Notable releases Edit

MGM has released such Academy Award-winning films as Mutiny on the Bounty (1935), Gone With the Wind (1939), An American in Paris (1951), Ben-Hur (1959), and Rain Man (1988). Other films for which they are responsible include The Wizard of Oz (1939), Singin' in the Rain (1952), William Shatner's first American film, The Brothers Karamazov (1958), North by Northwest (1959), How the West Was Won (1962), Ryan's Daughter (1970), Network (1978), A Christmas Story (1983), A Fish Called Wanda (1988), Thelma & Louise (1991), and such science fiction classics as Forbidden Planet (1956), 2001: A Space Odyssey (1968), Soylent Green (1973), and Logan's Run (1976). In 1986, MGM released the popular science fiction parody Spaceballs.

Perhaps MGM's most lucrative films are those in the James Bond franchise. The Bond films were initially produced by United Artists, a film studio now owned by MGM, who have released the Bond films since purchasing United Artists in the 1980s. Through this "absorption", MGM also acquired video distribution rights for the first two Rocky films (MGM themselves released the following Rocky movies), as well as such classics as Rebecca (1940), Marty (1955), The Magnificent Seven (1960), Judgment at Nuremberg (1961, featuring William Shatner), the Robert Wise-directed West Side Story (1961), In the Heat of the Night (1967), and Annie Hall (1977).

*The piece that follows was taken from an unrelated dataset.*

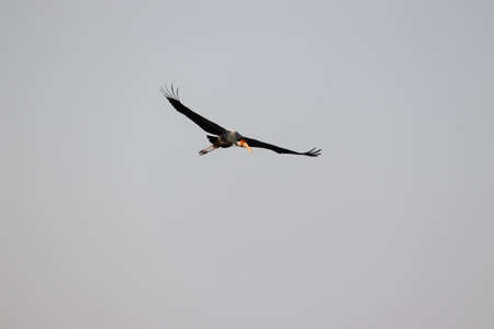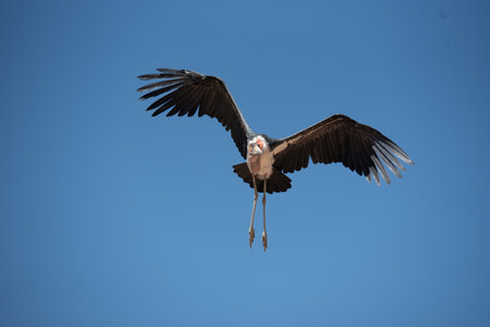 A Marabou Stork scavenger bird in mid flight near lake Koka in Ethiopia.

In addition to their feature films, MGM produced the classic Tom & Jerry cartoons and such television programs as The Man from U.N.C.L.E. and Green Acres. The also produced TV shows based on their films, including series for The Thin Man and The Courtship of Eddie's Father. In 1994, they released the science fiction film Stargate, which became the basis for the popular Sci-Fi Channel series Stargate SG-1 and Stargate: Atlantis.